Thanks for the advice everyone. Now I really regret getting the 1 1/4" hitch put on. Seems like all the racks only work with a 2" hitch. 

Weird thing is that my specific 1 1/4" class II hitch is rated for the same tow weight and tongue weight (3500 and 350lbs respectively) as the 2" class III hitch that fits my car. Has anyone used one of these racks with a 1 1/4" hitch with a 2" adapter? Seems like it should handle the weight based on the rating.


----------



## DJ Giggity (Sep 9, 2008)

Depending upon how your hitch is constructed, you might be able to have a fab shop cut off the receiver and weld on a 2" one. I would do that before using an adapter.


----------



## Frisco43 (Apr 1, 2006)

I had a friend do this for my Subaru Legacy. I can tell you that you will have a real hard time finding a place to do this because of liability issues. They purposely only sell 1 1/4" receiver mounts for certain cars. Also, it might work better with the Forester but even three bikes in the back with the weight of the rack is a lot for my Legacy.


----------



## JefedelosJefes (Jun 30, 2004)

I have a Forester with a 2" receiver. Just take your 1 1/4" one off since it is useless and buy a 2". If you use an adapter your rack is going to be swaying out of control. Oh, and the 1 1/4 tube can't take that much vertical load.


----------



## Leftcoasterca (Apr 17, 2014)

genemk said:


> Thanks for the advice everyone. Now I really regret getting the 1 1/4" hitch put on. Seems like all the racks only work with a 2" hitch.
> 
> Weird thing is that my specific 1 1/4" class II hitch is rated for the same tow weight and tongue weight (3500 and 350lbs respectively) as the 2" class III hitch that fits my car. Has anyone used one of these racks with a 1 1/4" hitch with a 2" adapter? Seems like it should handle the weight based on the rating.

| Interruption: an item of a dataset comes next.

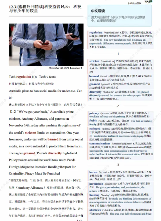 精读小提示:重点关注各国的监管措施(如澳大利亚禁止16岁以下青少年使用社交平台、希腊课堂禁用手机),这些内容简单易懂,还能积累“ban(禁止)”“limit(限制)”等常用动词,以及“parent control(家长控制)”等实用短语,逐句精读,每天15分钟,轻松完成学习任务。
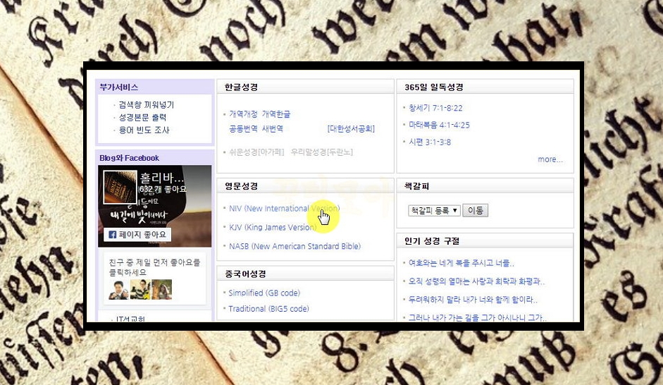 영어든 한글이든 성경을 읽기에 좋은 곳인데요. 다양한 버전의 자료를 이용할 수 있어서 정말 편리합니다.

I'm switching my 09 forester to a 2 inch soon. $149 from uhaul. I have been using an adapter as well while using a xtc 4. The adapter removed the rack even further back on the car and did not allow for the racks bolted to the car. There is no thread on the adapter. Over a Victoria-Prince George-Jasper-Calgary-Whistler trip with a loaded vehicle including car box, we were quite low and over driveways grounded out a few times.


----------



## owenskier (May 25, 2014)

Does anyone have a nsr4 or 6? If so what are some of the measurements? I'm looking to build a custom rack based off these but can't find measurements anywhere.


----------